Çok önemlidir. Çünkü hemen ertesinde de kronik böbrek hastalığına giden bir süreç başlamaktadır. Diyabetik hastalarda genel olarak kalp ve damar sağlığı riski çok artmış durumdadır. Çünkü diyabetik hastalarda hipertansiyon da sıktır. Üstelik hele ki böbrek tutulumu olmuşsa, hem hipertansiyon daha belirginleşmekte, hem de diğer kalp ve damar sağlığı riskleri biraz daha artmaktadır. Dolayısıyla diyabet hastaları kalp ve damar sağlığı açısından risk altındadırlar. Genel olarak kalp ve damar sağlığı ile ilişkili olan risk faktörleri diyabeti de beraberinde getirir. Hareketsiz yaşam, aşırı kilolu olmak, sağlıksız beslenmek, aşırı tuz ve şekerli gıdaları tüketmek, uzun vadede aşırı kiloyu, diyabeti de getirmekte, sonuçta kısır döngü şeklinde kalp ve damar sağlığını olumsuz etkilemektedir.

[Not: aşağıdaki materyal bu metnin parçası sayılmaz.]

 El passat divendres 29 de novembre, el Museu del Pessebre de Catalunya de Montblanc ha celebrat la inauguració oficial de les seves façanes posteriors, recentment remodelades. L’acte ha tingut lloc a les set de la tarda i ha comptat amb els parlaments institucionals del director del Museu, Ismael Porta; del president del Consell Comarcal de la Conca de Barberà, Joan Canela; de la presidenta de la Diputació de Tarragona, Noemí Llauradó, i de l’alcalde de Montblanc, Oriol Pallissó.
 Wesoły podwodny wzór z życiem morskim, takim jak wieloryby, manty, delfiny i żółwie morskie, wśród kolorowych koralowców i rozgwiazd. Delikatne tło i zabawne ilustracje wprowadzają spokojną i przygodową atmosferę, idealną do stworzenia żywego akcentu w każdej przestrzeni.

Aile hekimliği ile birlikte bu hastalar için önereceğiniz noktalar var mı? Diyabet gelişiminde olan hastalarda hipertansiyonun daha sıkı kontrol altına alınması gibi ya da kombine tedavilerin öne çıkarılması gibi bir formül mesela.

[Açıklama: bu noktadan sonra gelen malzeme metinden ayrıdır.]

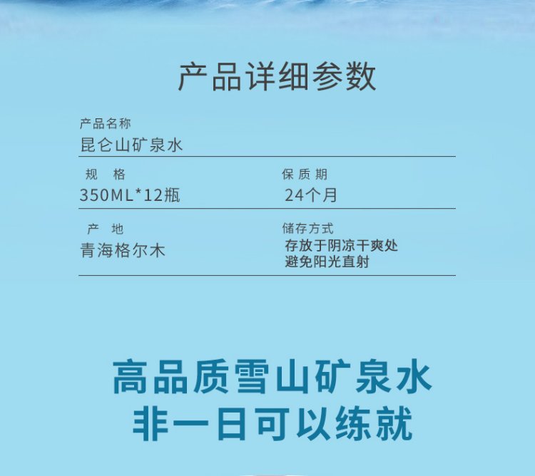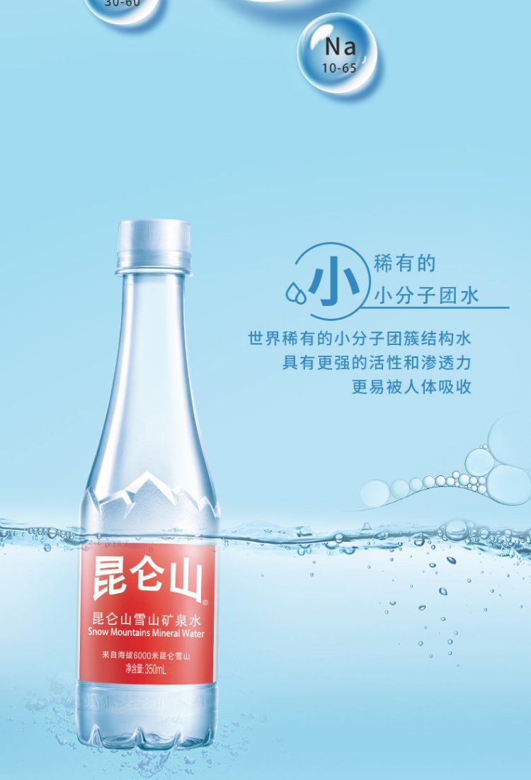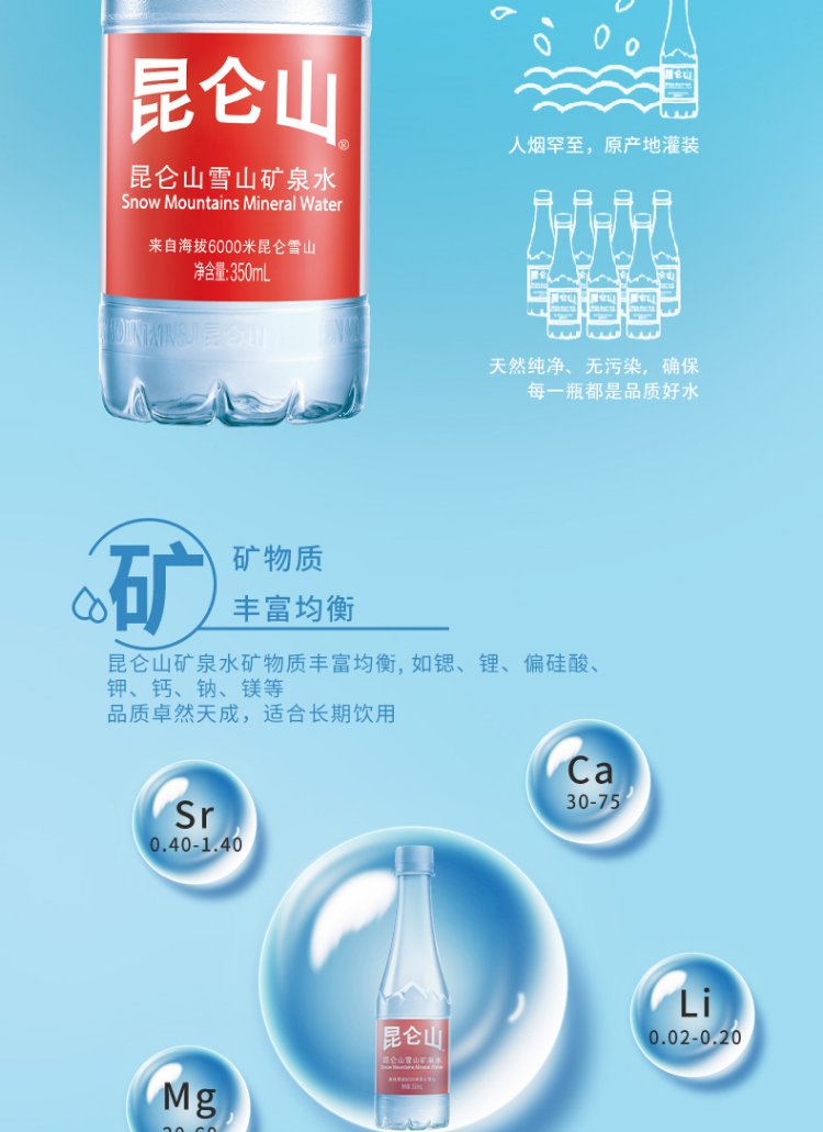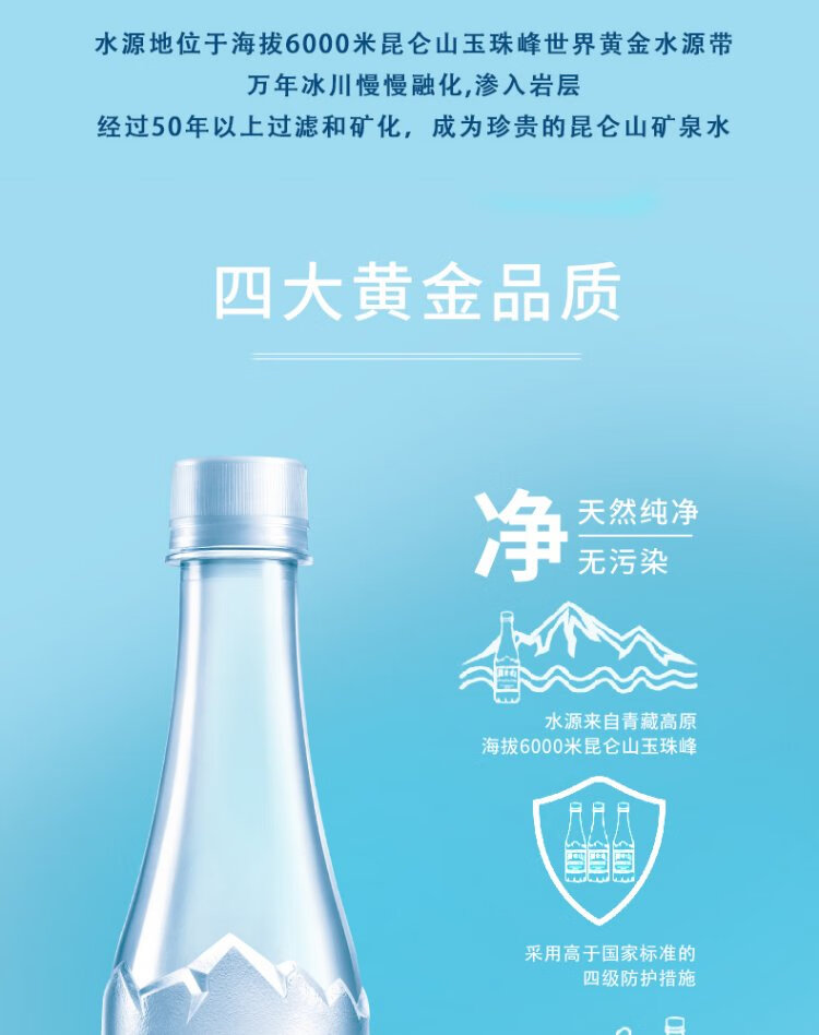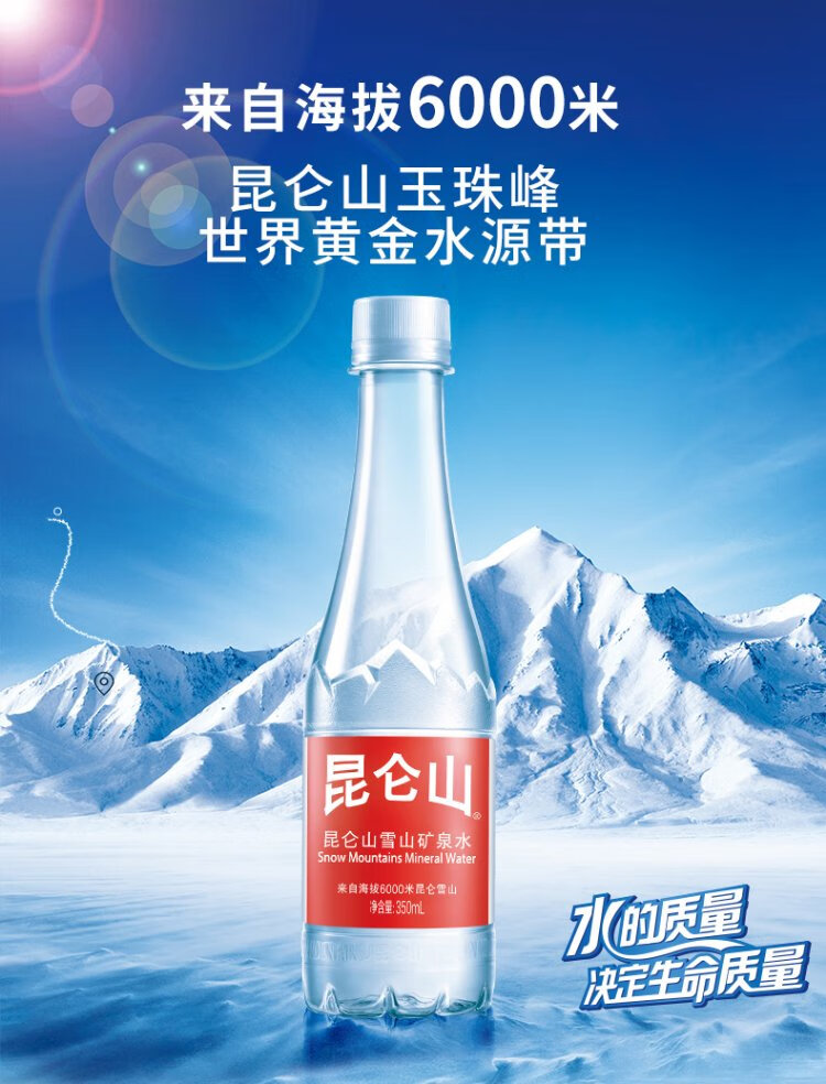 Kunlun Mountain Drinking Natural Mineral Water 350ml*12 Bottles High-End Mineral Water

Çok doğru diyabetik hastalarda iyi kan basıncı, iyi kan şekerinin etkin bir şekilde kontrol edilmesinin uzun dönemde hem sağ kalımı hem de kalp ve damar sağlığını çok olumlu etkilediği gösterilmiş. Dolayısıyla hekim arkadaşlarımız bunların farkında olarak hem diyabetik hem de hipertansif olan hastalarda biraz daha etkin kan basıncı ve kan şekeri kontrolüne yönelmelidir. Çünkü bunlar uzun dönemde kalp damar sağlığını olumlu etkileyecek ve hasta sağkalımını düzeltecektir. Bunu yaparken bir de, antihipertansif seçiminde dikkatli olmalılar. Çünkü diyabet ve hipertansiyon beraberinde böbrek hastalığı varsa bu grup hastalarda özellikle anjiyotensin II blokajı yapan ilaçları tercih etmeleri gerekmektedir. Dolayısıyla hekimlerin bu konuda bilgili ve bilinçli olmaları önemlidir.

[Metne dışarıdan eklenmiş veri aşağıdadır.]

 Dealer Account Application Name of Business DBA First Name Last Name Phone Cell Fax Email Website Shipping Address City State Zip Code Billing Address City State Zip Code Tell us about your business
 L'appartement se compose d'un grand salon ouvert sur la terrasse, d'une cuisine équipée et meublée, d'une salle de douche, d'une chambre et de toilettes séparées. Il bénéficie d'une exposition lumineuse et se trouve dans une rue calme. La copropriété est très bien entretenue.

Şunu söylemek lazım 40 yaşındaki her sağlıklı birey en azından yılda 1 kez hekime başvurup tetkiklerini yaptırmalıdır. Kan basıncı ölçülmeli, kan ve idrar tetkikleri yapılmalıdır. Böylece prediyabeti saptama, hipertansiyonu saptama şansı var. Hipertansiyon sessiz katil olarak adlandırılır çünkü ölçmezseniz bilemezsiniz. Bazen diyabet de öyle oluyor. Tehlikenin farkına varmıyoruz ve sinsi bir şekilde hastalık ilerliyor. Toplumda bilinç arttıkça sağlık kontrolleri artırılacak ve bunlar daha iyi kontrol altına alınacak.